During each molt in the course of ontogenesis, the scape (with its muscles) and pedicel are preserved, changing only in size and/or shape; the number of segments in the flagellum usually remains the same or increases. The number of flagellomeres increases due to growth and division of the proximalmost segment; one or several additional growth zones may be present in other parts of the flagellum as well (Imms 1940). It is interesting that in some cases, the addition of segments in the proximal part of the flagellum is accompanied by necrosis and detachment of several distal segments; although the total length of the flagellum and the number of its segments usually increase. The remaining tissues of the dead flagellomeres are not completely resorbed but are shed together with the exuvia, so that this type of molt can be revealed by examination of exuviae (by contrast with similar processes in the legs of some insects, when all the remains are resorbed). In the antenna molting in this way, the apical flagellomere has no specific morphological features, because during each molt one of the middle segments becomes the apical one. In some cases, the shedding of the distal portion of the flagellum may be explained by purely mechanical reasons: the apical portion of the flagellum may be so thin that it gets torn off during ecdysis and remains within the old cuticle. In some cases, however, the tissues are severed at such a level where the thickness of the flagellum would not hinder its molt, and not during ecdysis but long before it (Kluge, 2010d: fig. 24). Molts with such a predetermined loss of the distal portion of the flagellum are known in Triplura (both in Zygentoma and in Microcoryphia), Ephemeroptera, and Plecoptera. Judging by the systematic position of these taxa, this paradoxical way of flagellum growth is primitive for Amyocerata. 



A similar process of addition of proximal segments and loss of distal ones is observed in the multisegmented caudalii of Triplura, Ephemeroptera, and Plecoptera.

In mayflies (Ephemeroptera), the multisegmented flagellum of the larva is transformed into a thin non-segmented annulate flagellum of the subimago during the penultimate molt. As in the preceding larval molts, the distal portion of the living tissues of the flagellum is lost and remains in the larval exuvia. This happens regardless of whether or not the total length of the flagellum decreases.

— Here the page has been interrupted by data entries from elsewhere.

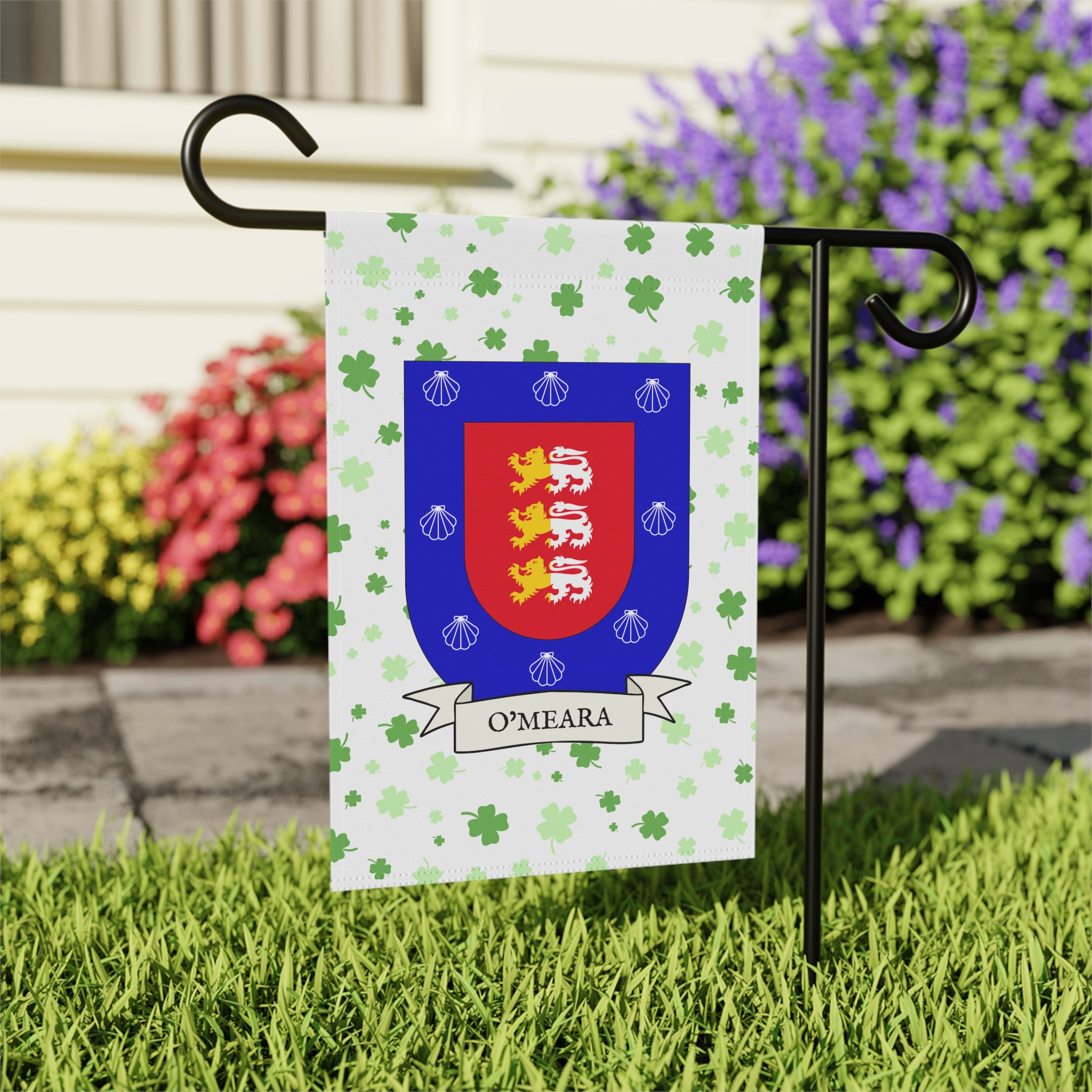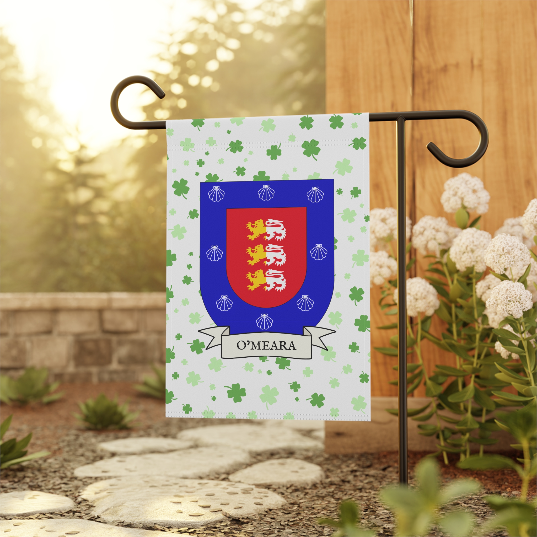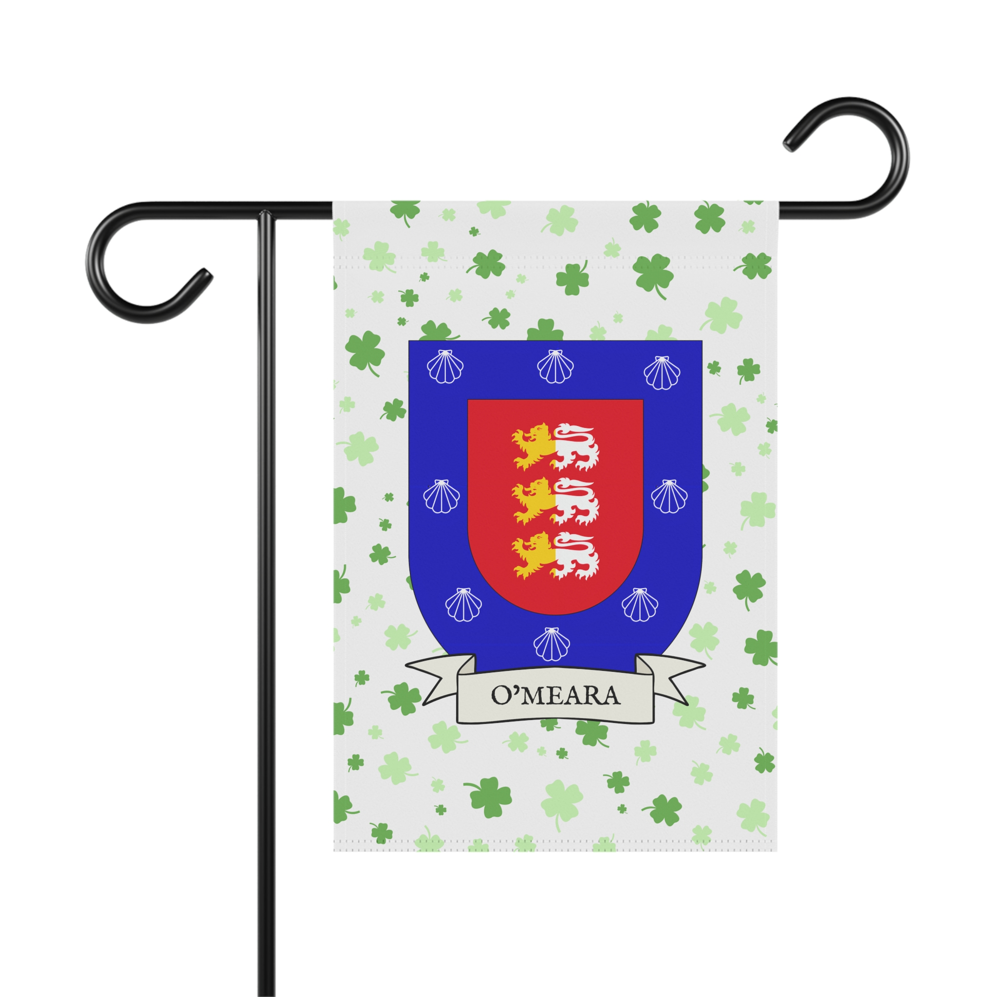 This welcoming Garden Banner will be a great addition to your garden or yard. It displays the O’Meara Family Coat of Arms over a subtle background showing a field of four-leaf shamrocks. Both sides show identical images.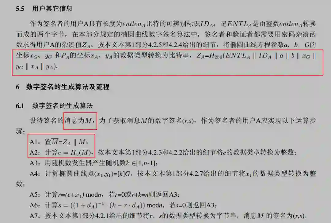 SM2规范中对消息签名时,除了要计算消息自身的SM3,同时SM2椭圆曲线参数和公钥都要参与到SM3的计算中来,SM2私钥签名是对最终的哈希结果做签名,这一规范定义是有点另类,这是与国际通用算法的一个主要差异: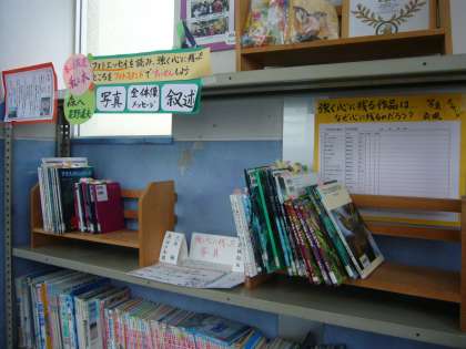 お気に入りのフォトエッセイをフォトスタンドで推薦する学習を国語科でしています。学年の本棚にブックコーナーを作り,読書の時間などに読んでいます。心に残る写真と叙述から作品全体のメッセージを読むという少し難しいことに挑戦します。どんなフォトスタンドができるか楽しみです。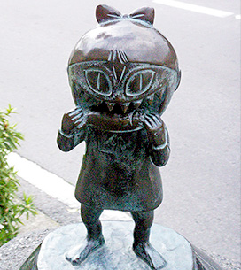 こちらは『ゲゲゲの鬼太郎』に登場する「ねこ娘」のブロンズ像。境港は港町だけに魚も新鮮なのだろう。なんともいえない表情で魚を食べている。このブロンズ像は思ったより小さいので注意して歩こう

In Odonata, many Polyneoptera (Embioptera, Isoptera, Dermatoptera, Spectra, etc.), and all the Parametabola the antennal flagellum has a permanent apex which is not shed during molts. To all appearances, this mode of development was acquired independently in different phylogenetic lineages. In Cercopoidea (which belong to Parametabola) the last molt is accompanied by a process externally resembling the larval-subimaginal transformation of the flagellum in mayflies: the 7-segmented flagellum of the larva is transformed into the non-segmented one of the adult; however, contrary to the situation in mayflies, no tissues are lost. In the taxon Gallinsecta (also belonging to Parametabola) the entire antenna undergoes an unusual transformation during which the distal portion of the flagellum is necrotized and detached (see 3.3); in spite of this, the antenna may possess some apical structures peculiar for the ultimate flagellomere (Kluge, 2010d).

In all insects with complete metamorphosis (Metabola) the larval antenna has lost its original morphology typical of Amyocerata (see 3.2). Despite the extensive transformations taking place during molts from the larva to the pupa and then to the adult, no antennal tissues are necrotized or detached. It is generally assumed that complete metamorphosis differs from other types in more profound necrotic processes; however, the situation with the distal portion of the antenna is exactly opposite: the initial mode of antenna development in Amyocerata involves necrosis whereas in Metabola this feature has been lost.


3.2. Metabola: complete metamorphosis


Although complete metamorphosis is a well known phenomenon and the relevant literature is extensive, until recently it was not clear what exactly constituted complete metamorphosis. Externally, this type of development is manifested in the presence of the following stages: (1) a motile feeding larva resembling a worm; (2) an inactive pupa, completely immobile or capable of only limited movements; and (3) an adult. It has remained unknown why the larvae (despite their highly variable morphology) are commonly associated with worms and what exactly limits the mobility of all the pupae. 

Already by the beginning of the XX century it has become commonly accepted that all the insects with complete metamorphosis form a holophyletic taxon Metabola Burmeister 1832; the names Holometabola Burmeister 1835 and Endopterygota Sharp 1899 are often used to designate this taxon but this is a mistake since these names were originally proposed for taxa with a different composition. The name Oligoneoptera Martynov 1923, often used in the modern literature, is a junior circumscriptional synonym (Kluge, 2000, 2010c) of the name Metabola. 

The proofs of holophyly of Metabola may be formulated as follows: in any taxon reliably shown to be holophyletic based on unquestionable autapomorphies, 

(1) either all the species have complete metamorphosis, with no exceptions; (2) or all the species have a different type of metamorphosis, with no exceptions; 

(3) or (in case of a larger taxon including Metabola) the taxon includes all the species with complete metamorphosis. 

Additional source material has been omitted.